=== Information given ===
[Start of section]

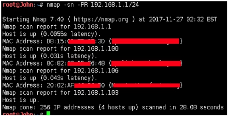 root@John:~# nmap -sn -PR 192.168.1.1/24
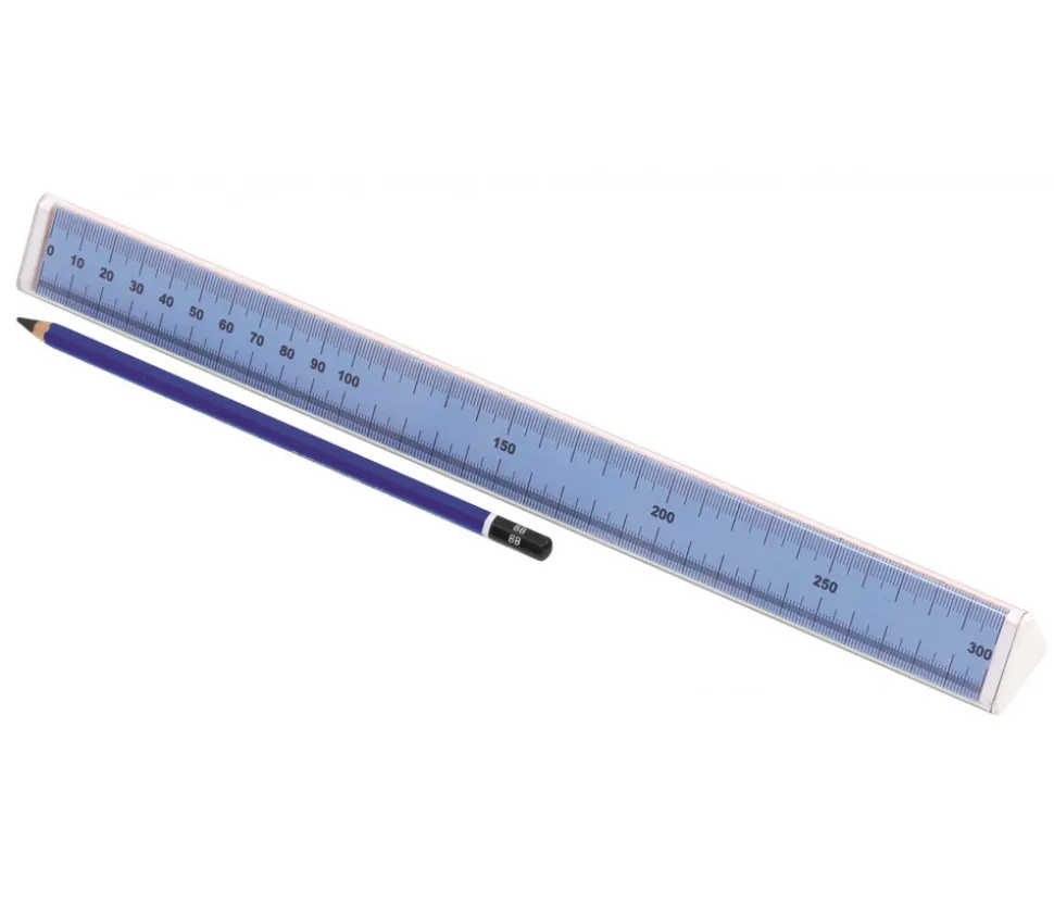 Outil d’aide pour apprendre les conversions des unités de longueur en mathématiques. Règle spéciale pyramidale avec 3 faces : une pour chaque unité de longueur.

[End of section]
[Start of section]

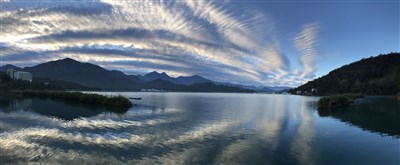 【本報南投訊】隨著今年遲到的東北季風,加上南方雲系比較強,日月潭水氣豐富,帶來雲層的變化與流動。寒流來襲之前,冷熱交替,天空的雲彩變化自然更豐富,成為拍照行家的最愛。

[End of section]

=== Task ===
Leaving all pictures out, output exactly the lines of the material above from the line with "root@John:~# nmap -sn -PR 192.168.1.1/24" to the line with "Outil d’aide pour", both included.

=== Completed task ===
 root@John:~# nmap -sn -PR 192.168.1.1/24
 Outil d’aide pour apprendre les conversions des unités de longueur en mathématiques. Règle spéciale pyramidale avec 3 faces : une pour chaque unité de longueur.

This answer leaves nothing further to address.